- Directed by: Lupita A. Kashiwahara
- Screenplay by: Armando Lao
- Based on: Hati Tayo sa Magdamag by Sally Esteban
- Produced by: Ramon Salvador
- Starring: Edu Manzano; Tetchie Agbayani; Jacklyn Jose; Francis Magalona; Armida Siguion Reyna; Caridad Sanchez; Eddie Rodriguez;
- Cinematography: Ato Bernardo
- Edited by: Ike Jarlego Jr.
- Music by: Mon del Rosario
- Production company: Viva Films
- Release date: March 9, 1988;
- Country: Philippines
- Language: Filipino

= Hati Tayo sa Magdamag =

1988 Filipino romantic drama film

Hati Tayo sa Magdamag (lit. 'We Share the Evening') is a 1988 Filipino romantic drama film directed by Lupita A. Kashiwahara and written by Armando Lao. Adapted from the Extra Special Komiks "komik" of the same name by Sally Esteban, it stars Edu Manzano, Tetchie Agbayani, Jacklyn Jose, Francis Magalona, Armida Siguion Reyna, Caridad Sanchez and Eddie Rodriguez. Produced by Viva Films, the film was released on March 9, 1988.

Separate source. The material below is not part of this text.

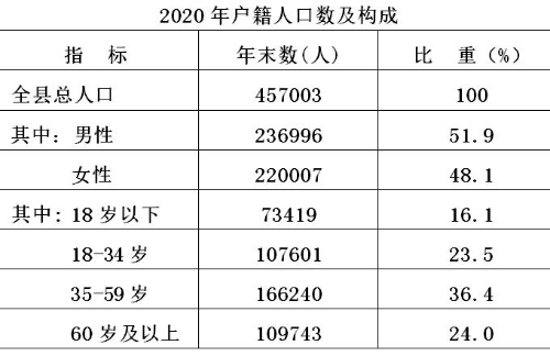 年末全县共有9个镇,101个行政村,15个社区居委会。共有户籍人口457003人, 其中:男性236996人,占51.9%;女性220007人,占48.1%,男女性别比为107.72。全年出生人口3291人,出生率为6.85‰;死亡人口2481人,死亡率为5.17‰;人口自然增长率为1.68‰。0-17岁抚养系数为26.8%,比上年上升0.2个百分点。表三

Critic Lav Diaz gave Hati Tayo sa Magdamag a mixed review, stating that the film is "not too good and not quite a failure" while giving praise to Jose's performance.

==Cast==
- Edu Manzano as Jerry "Greggy" Pangilinan
- Tetchie Agbayani as Antonette Revilla
- Jacklyn Jose as Rochelle San Juan
- Francis Magalona as Arthur
- Armida Siguion Reyna as Doña Concha Revilla
- Caridad Sanches as Aling Pinang
- Eddie Rodriguez as Don Teofilo Revilla
- Janice Jurado as Don Teofilo's girlfriend
- Tina Loy as Nana Viring
- Junix Inocian as Mr. Diwa
- Jun Roy as Mang Selo
- Tito Tesoro as Mang Tito
- Freddie Papa as Mang Johnny
- Marie Barbacui as Inday
- Butch Gonzales as professor
- Dr. Joseph Laureta as doctor
- Anna Ascalon as nurse
- Alma Lerma as Doña Concha's friend
- Bessie Barredo as Doña Concha's friend
- Remy Novales as Doña Concha's friend

==Production==
Hati Tayo sa Magdamag is director Lupita A. Kashiwahara's first theatrical film in many years, and is based on the Extra Special Komiks "komik" of the same by Sally Esteban.

==Release==
Hati Tayo sa Magdamag was rated "A" by the Movie and Television Review and Classification Board (MTRCB), indicating a "Very Good" quality, and was released on March 9 or 10, 1988.

===Critical response===
Lav Diaz, writing for the Manila Standard, gave Hati Tayo sa Magdamag a mixed review, stating that the film is "not too good and not quite a failure. It has intense scenes and it also has some that can be open to interpretation." He also praised Jaclyn Jose's performance and the screenplay's lack of overly poetic dialogue, the latter of which he noted is a common trait among films produced by Viva Films, but he lamented the fact that a slapping scene still remained in the film, stating that "only one slap was done but this was a deafening crack on the film." He concluded on a positive note that the film is a step in the right direction for the studio to change its traditions.

==TV Rights acquisition==
ABS-CBN acquired the television rights to air the movie in 1990. It was retitled Hati Tayo sa Puso when it premiered on the network's weekend movie block Tagalog Movie Greats.